To see how each finite approximation to a given turing machine can be given a purely propositional description, one fixes the parameter $$k\!$$ and limits the rest of the discussion to describing $$\mathrm{Stilt}(k),\!$$ which is not really a full-fledged TM anymore but just a finite automaton in disguise.

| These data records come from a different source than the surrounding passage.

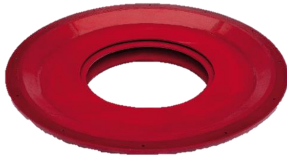
Sello de Doble Labio
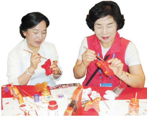
Мастер-класс от сибиряков приняли на ура.

Первый в регионе международный тур «Летопись Сибири в деревянной архитектуре города Тюмени» был представлен на английском и французском языках. В его основе - 14 уникальных памятников деревянного зодчества.
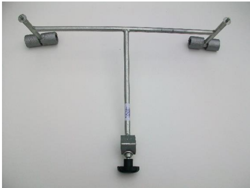
0014677V0000000 Heckmittelteil Einzelpreis: 80,00 € zzgl. MwSt
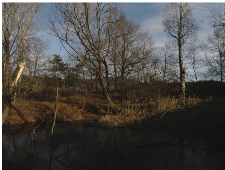
Lomeček u polní cesty do Řepice

Někdy se mně zdá, že naše strakonická kotlina bývá uzavřená slunečnému počasí více než okolí našeho města. Potvrzují to i zkušenosti z výletů na Volyňsko, Sušicko a snad i Blatensko. O to více většinou vítám dny, kdy se krajina prosvětlí sluncem a je lepší možnost vyjít si do krajiny. Někdy stačí jít jen krátce, třeba do údolí Řepických rybníků. Už jen cesta z města po Radomyšlské silnici může být zajímavá, pokud si všimneme dvou moruší černých u lomu v úpatí Šibeničního vrchu, nedalekých božích muk nebo v jedné ze soukromých zahrad statných kaštanovníků setých. V ohybu zmiňované silnice se nám náhle
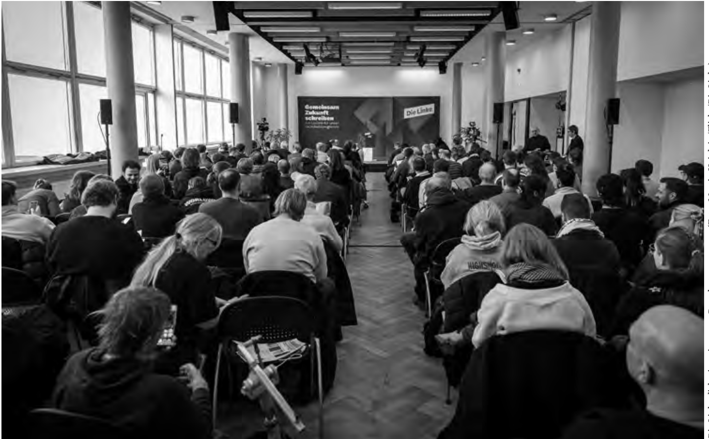
Die Linke diskutiert ein neues Grundsatzprogramm

Ich möchte im Folgenden mit einer weitergehenden, mittel- und langfristigen Perspektive einige Bewährungsproben benennen, vor denen aus meiner Sicht die Linke steht und die es programmatisch, strategisch und politisch praktisch zu bewältigen gilt. Meine Kernthese dabei lautet: Linke programmatisch orientierte Politik sollte sich als transformative Kraft verstehen, als Kraft, die die sozialen, ökologischen und alltagskulturellen Verhältnisse in Richtung von Gerechtigkeit, Nachhaltigkeit und Anerkennung umzuwandeln trachtet. Nicht die Verteidigung des Status quo, sondern die Veränderung, die radikale Verschiebung von Kräfteverhältnissen, Strukturen und Normen in dieser Gesellschaft nach links müssten in den Zeilen und zwischen den Zeilen eines neuen aktuellen Programms zu finden sein.
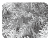
町の木 イチイ (S54. 11. 10 制定)
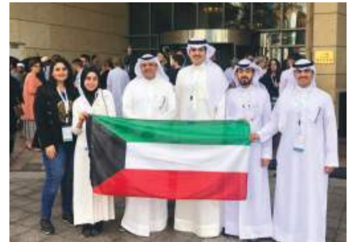
• فريق الجامعة
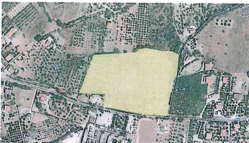
Terreno in Via Maddalena
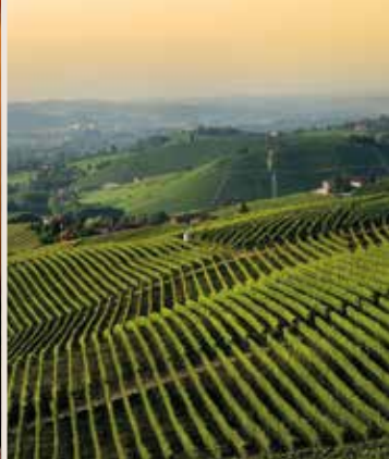
Crème de la Crème in Sachen Barbaresco-Winzer: la famiglia Sottimano.
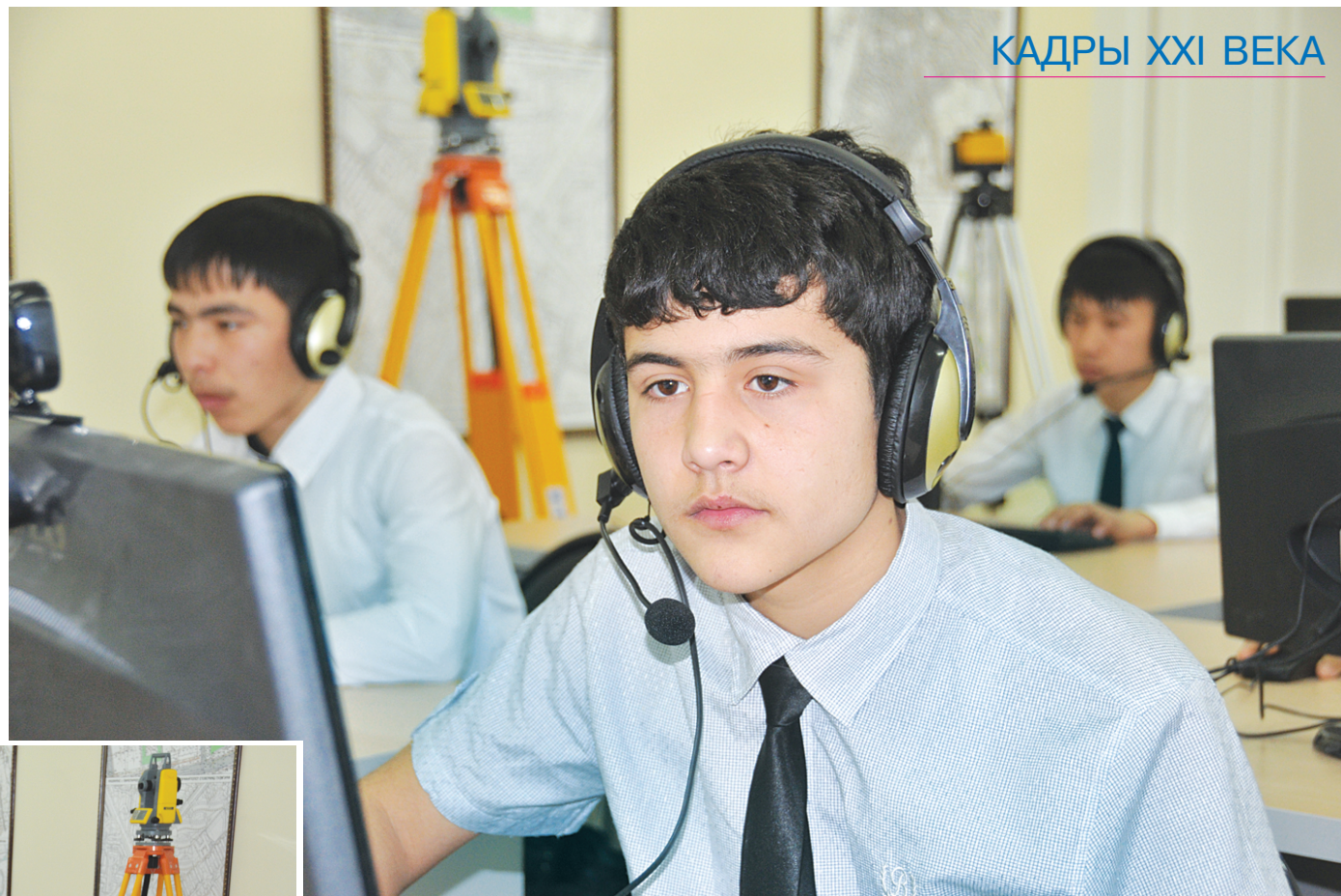
КАДРЫ XXI ВЕКА

Выступая на Международной конференции «Подготовка образованного и интеллектуально развитого поколения — как важнейшее условие устойчивого развития и модернизации страны», состоявшейся в нашей столице, глава государства подчеркнул, что в Узбекистане за последние годы проделана огромная по масштабам и глубине работа по кардинальному обновлению и реформированию сферы образования. В этом выступлении также отмечено, что принципиальная особенность реализуемой в республике модели заключается в том, что после девяти лет учебы в общеобразовательной школе следующие три года учащиеся обучаются в специализированных профессиональных колледжах и академических лицеях, где каждый из них наряду с общеобразовательными дисциплинами получает профессиональную подготовку по 2-3 востребованным на рынке труда специальностям.
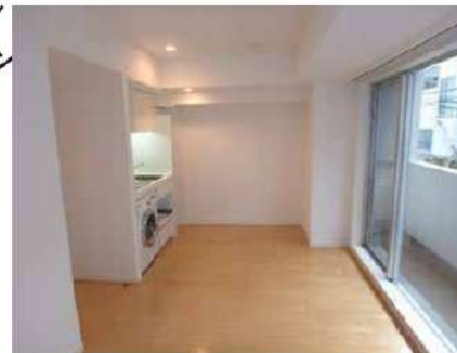
★ウォークイン収納のあるお部屋★

In this example, for the sake of a minimal illustration, we choose $$k = 2,\!$$ and discuss $$\mathrm{Stunt}(2).$$ Since the zeroth tape cell and the last tape cell are both occupied by the character $$^{\backprime\backprime}\texttt{\#}^{\prime\prime}$$ that is used for both the beginning of file $$(\mathrm{bof})$$ and the end of file $$(\mathrm{eof})$$ markers, this allows for only one digit of significant computation.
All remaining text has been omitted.